* Task item
Write out, word for word and with no pictures, each line below from the one containing "后区分析:后区上期开出奖号0" through the one containing "La forme parfaite", both included, and no other line.

* Data provided
·····

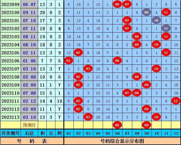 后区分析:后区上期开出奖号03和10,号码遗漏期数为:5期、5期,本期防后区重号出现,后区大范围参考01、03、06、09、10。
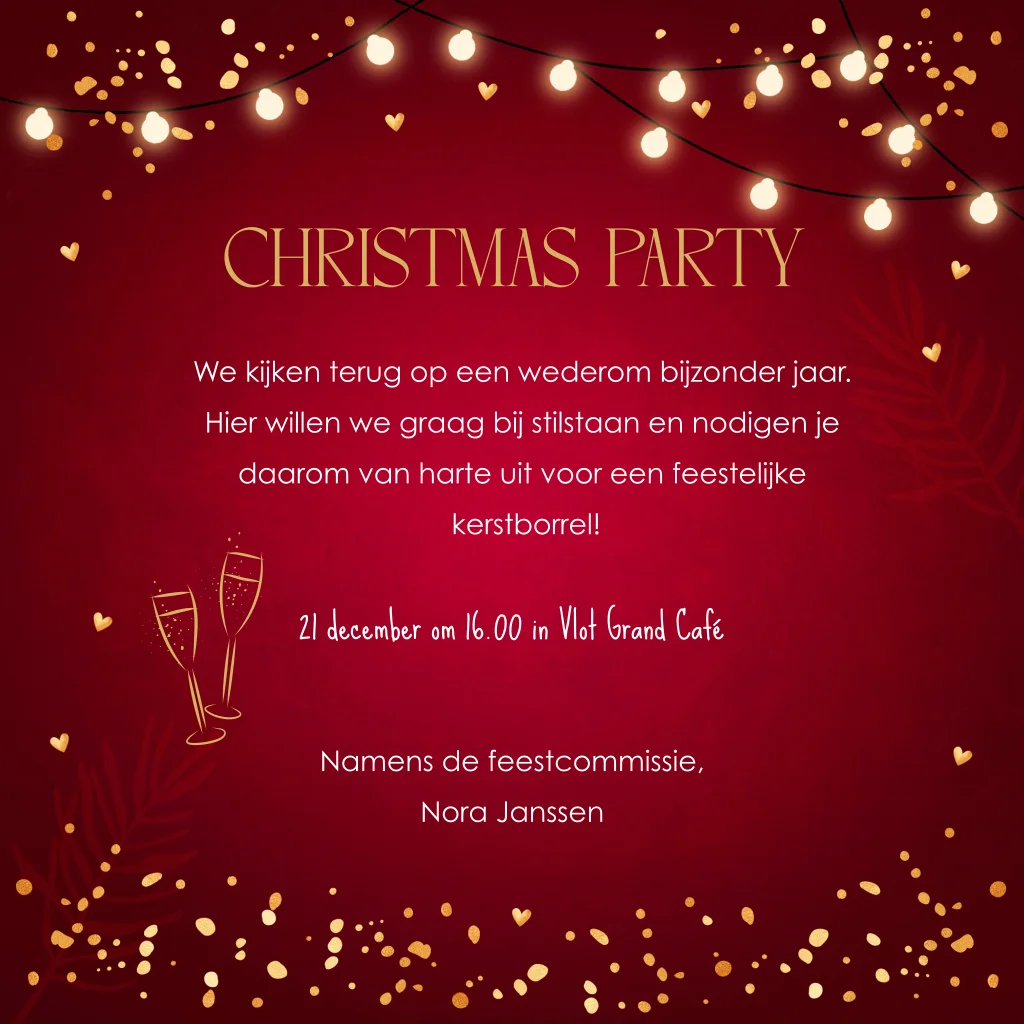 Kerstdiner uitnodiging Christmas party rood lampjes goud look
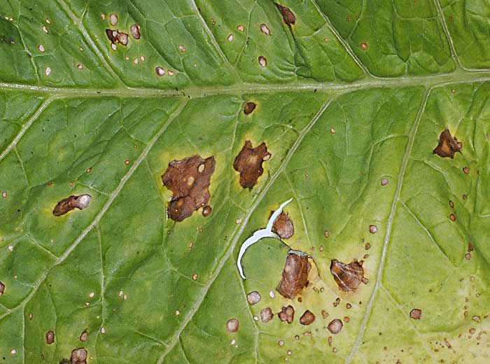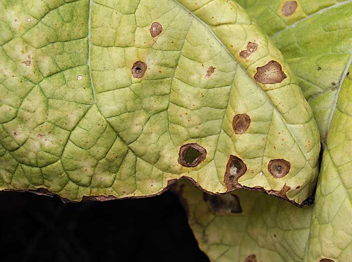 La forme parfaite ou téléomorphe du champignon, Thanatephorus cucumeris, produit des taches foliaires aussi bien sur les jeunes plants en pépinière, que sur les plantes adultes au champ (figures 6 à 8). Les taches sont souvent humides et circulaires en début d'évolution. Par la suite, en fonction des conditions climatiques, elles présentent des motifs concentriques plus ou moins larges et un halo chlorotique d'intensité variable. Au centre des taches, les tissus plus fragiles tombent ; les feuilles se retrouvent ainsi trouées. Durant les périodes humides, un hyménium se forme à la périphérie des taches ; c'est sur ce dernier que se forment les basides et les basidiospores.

·····

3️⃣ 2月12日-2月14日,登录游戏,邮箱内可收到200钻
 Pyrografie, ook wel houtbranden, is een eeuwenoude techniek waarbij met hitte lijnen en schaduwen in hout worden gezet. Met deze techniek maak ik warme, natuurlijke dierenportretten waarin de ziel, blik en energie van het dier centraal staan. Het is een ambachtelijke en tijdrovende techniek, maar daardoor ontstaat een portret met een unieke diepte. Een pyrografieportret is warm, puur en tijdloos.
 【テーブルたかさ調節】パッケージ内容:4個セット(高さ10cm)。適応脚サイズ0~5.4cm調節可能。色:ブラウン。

·····

* Expected answer
 后区分析:后区上期开出奖号03和10,号码遗漏期数为:5期、5期,本期防后区重号出现,后区大范围参考01、03、06、09、10。
 Kerstdiner uitnodiging Christmas party rood lampjes goud look
 La forme parfaite ou téléomorphe du champignon, Thanatephorus cucumeris, produit des taches foliaires aussi bien sur les jeunes plants en pépinière, que sur les plantes adultes au champ (figures 6 à 8). Les taches sont souvent humides et circulaires en début d'évolution. Par la suite, en fonction des conditions climatiques, elles présentent des motifs concentriques plus ou moins larges et un halo chlorotique d'intensité variable. Au centre des taches, les tissus plus fragiles tombent ; les feuilles se retrouvent ainsi trouées. Durant les périodes humides, un hyménium se forme à la périphérie des taches ; c'est sur ce dernier que se forment les basides et les basidiospores.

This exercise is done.